# [PROVIDED DATA]
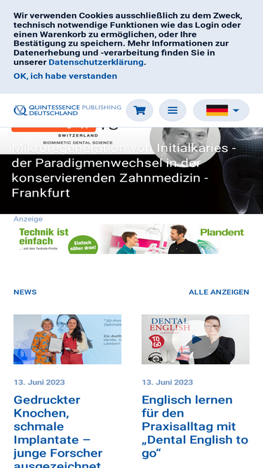 80%Abonnenten unserer Zeitschriften können deren Ausgaben online auf unserer Website oder in unserer App "Quintessence Journals" lesen. Beide Zugänge sind unabhängig voneinander. Für die Aktivierung der Inhalte in der App verwenden Sie Ihre 6-stellige Kundennummer und Ihre Postleitzahl.
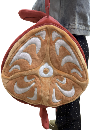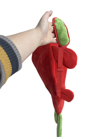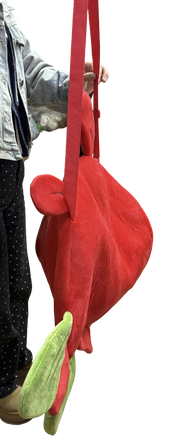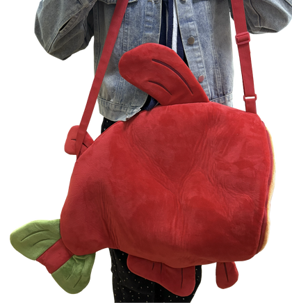 This fish meat bag is mostly space on the inside, with a 16 inch deep pocket and a large opening front! It can be folded flat or filled to the brim, and fits most daily carry accessories like tablets, switches, books, and phones. It has no separated compartments and minimal stuffing, allowing for as much space as possible. The strap has an adjustable length and a small shoulder pad. This bag still looks great even compared to users in large cosplay or fursuits, and it doubles as a prop to do fun character acting with!
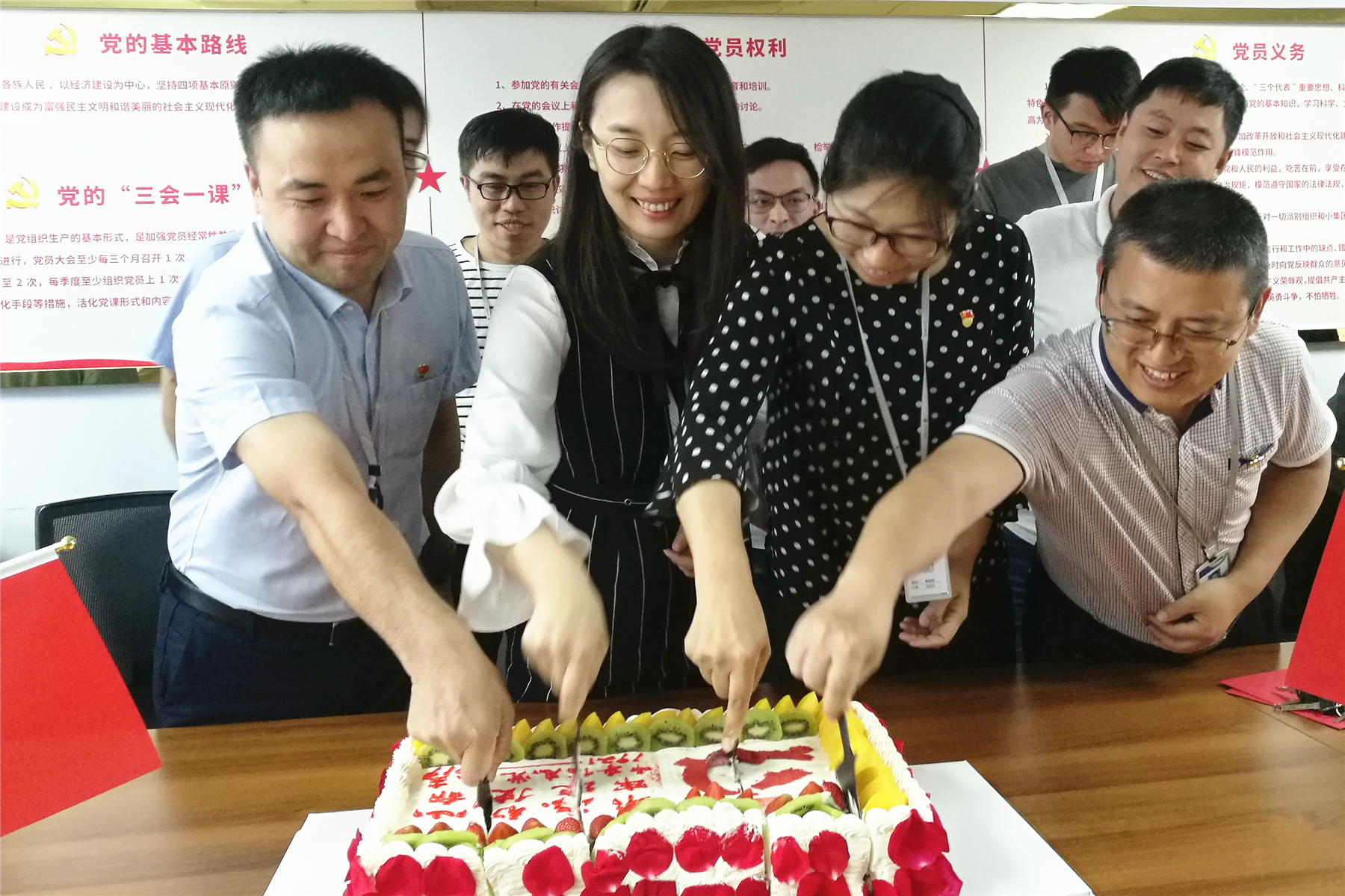 活动最后,大家共同分享政治生日蛋糕,集体度过有意义的政治生日。北京公司、南京公司党支部分别组织了活动。

# [EXERCISE]
All of the material goes into the answer exactly as it stands, except for the pictures.

# [RESULT OF THIS EXERCISE]
 80%Abonnenten unserer Zeitschriften können deren Ausgaben online auf unserer Website oder in unserer App "Quintessence Journals" lesen. Beide Zugänge sind unabhängig voneinander. Für die Aktivierung der Inhalte in der App verwenden Sie Ihre 6-stellige Kundennummer und Ihre Postleitzahl.
 This fish meat bag is mostly space on the inside, with a 16 inch deep pocket and a large opening front! It can be folded flat or filled to the brim, and fits most daily carry accessories like tablets, switches, books, and phones. It has no separated compartments and minimal stuffing, allowing for as much space as possible. The strap has an adjustable length and a small shoulder pad. This bag still looks great even compared to users in large cosplay or fursuits, and it doubles as a prop to do fun character acting with!
 活动最后,大家共同分享政治生日蛋糕,集体度过有意义的政治生日。北京公司、南京公司党支部分别组织了活动。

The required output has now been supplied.